Putting together a reference level system.
My Source is predominantly standard 16/44 played from a MacMini using iTunes and Amarra. Some of my music is purchased from iTunes and the rest is ripped from standard CD's.
For my tastes in music, my high def catalogues are still limited; so Redbook 16/44 will be my primary source for quite some time.

I'm not spending DCS or MSB money. But $15-20k retail is not out of the question.

Upsampling vs non-upsampling?
USB input vs SPDIF?

All opinions welcome.

And I know I need to hear them, but getting these ultra $$$ DAC's into your house for an audition ain't easy.

Looking for musical, emotional, engaging, accurate , with great dimension. Not looking for analytical and sterile.
mattnshilp
Not to steal or break the thread.. but MQA is a wholesale attempt to lock in all recording to a patented standard of dubious value by a small company looking to cash in. The notion that it is a ’wonderful improvement’ is all marketing hype. Yeah it might do something, but that something comes at a big price. Both in cost monopoly of control, and in digital rights management.
If you love the idea of one company holding your music hostage and which can make you jump through hoops from now until crack of doom for a trivial or non-existent benefit.. Then yeah go for MQA.
If you shudder at some doofus controlling music distribution from now on. Well you get my drift.

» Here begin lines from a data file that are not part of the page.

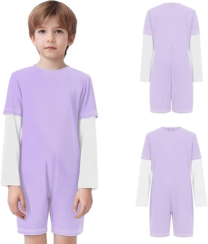 Adaptive Clothing for Kids Special Needs Autism Sensory Jumpsuit Long Sleeve Anti-Strip Romper Sizes 6-16 Years Lavender White 6 Years
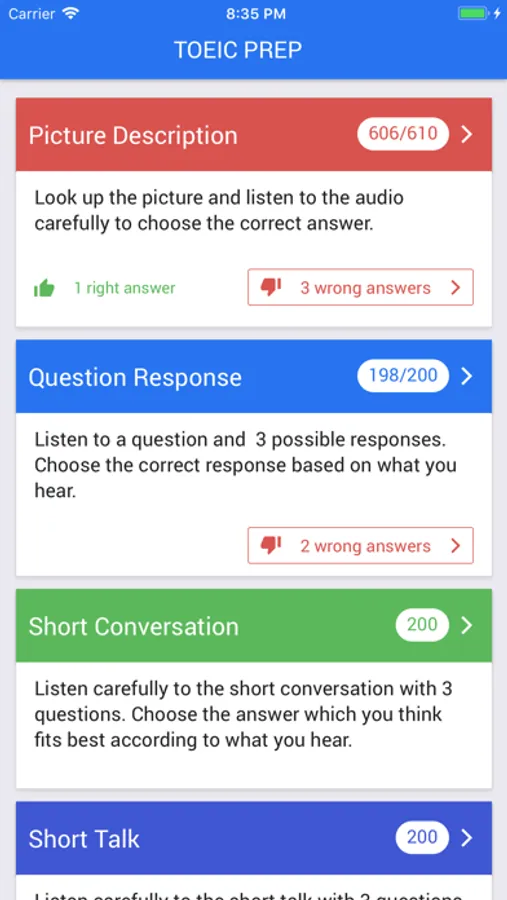 TOEIC Sample Tests Screenshots
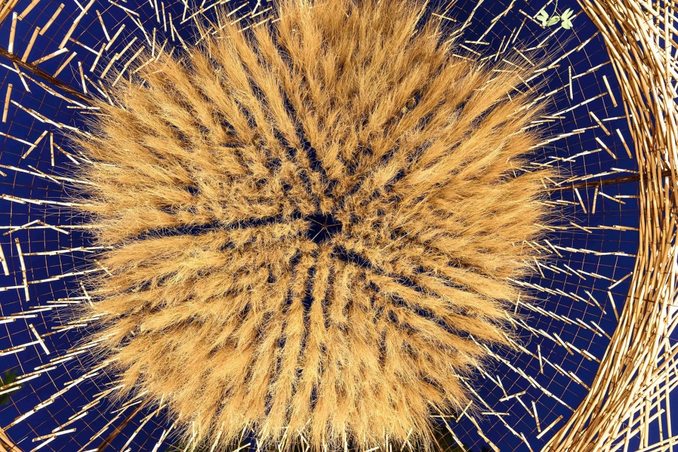 A symbol of encounter that reinforces the communal dimension of the ritual. It operates as a contemporary ceremonial device in which the upper piece acquires a totemic character. Its circular structure of recovered cane rods is arranged radially, constructing a light, ephemeral, and permeable artificial sky. A ceiling made of bundled junquillo—a locally harvested material from the Córdoba hills traditionally used for broom making—is incorporated.

I just bought a new Marantz SA-10. It does not have MQA but had a sound good as anything ever made. I think MQA is a flash in the collective pan which I can only hope dies a lonely death. Regardless of the hype and noise being generated of late.

Pardon my excursion onto other matters than this thread..
@beewax 

+1 I agree. My strategy if I were to try to put some methodology to the task would be to

1) go for the most jitter immune, cleanest,  lowest distortion and highest SNR DAC available. This would obviously be a new DAC within the last year or two. It might be too lean and analytical for the desired goal of “musicality” and engagement tie tapping but you start with the bare truth and a reference signal.
2) Get the most resolving SS power amp - Benchmark ABH2 looks impressive. Again the power amp should be powerful and transparent - a Bryston, Pass Labs, Krell - there are plenty of choices.
3)  Roll preamps and roll preamp tubes until you find the desired sound. 

I think the strategy of using using every component (DAC, Preamp and power amp) to ALL create or add musical warmth is a never ending uncontrolled dog’s breakfast. 

Another alternative would be to stick with one manufacturer - go all ARC for example - at least there is a good chance that the equipment has synergy to begin with,
+1 @beewax   


I agree. I would suggest to use the cleanest high performance DAC I could find for the most resolving line level source signal and then use a tube preamp and roll tubes to taste for the musical taste. This approach is much more flexible. Buying a DAC with tubes built in is kind of limiting or restricting yourself...
This is what Delta Sigma/Mash did when it was first released back in 1990 and still does now to Redbook PCM conversion, it gives a facsimile of the real thing, where R2R Multibit is bit perfect.

I would have to disagree.  It's poor digital filtering that causes this, not Delta-Sigma.  My Delta-Sigma sounds a lot like an R2R.  My last DAC was an R2R.  My latest is Delta-Sigma. It beats my previous R2R.

Steve N .

Empirical Audio

@toetapaudio 
Not all Class D should be described in this way
My comments were limited to "the Class D amplification I have owned"  or specifically, a pair of monos using Ncore NC1200 modules and matching SMPS.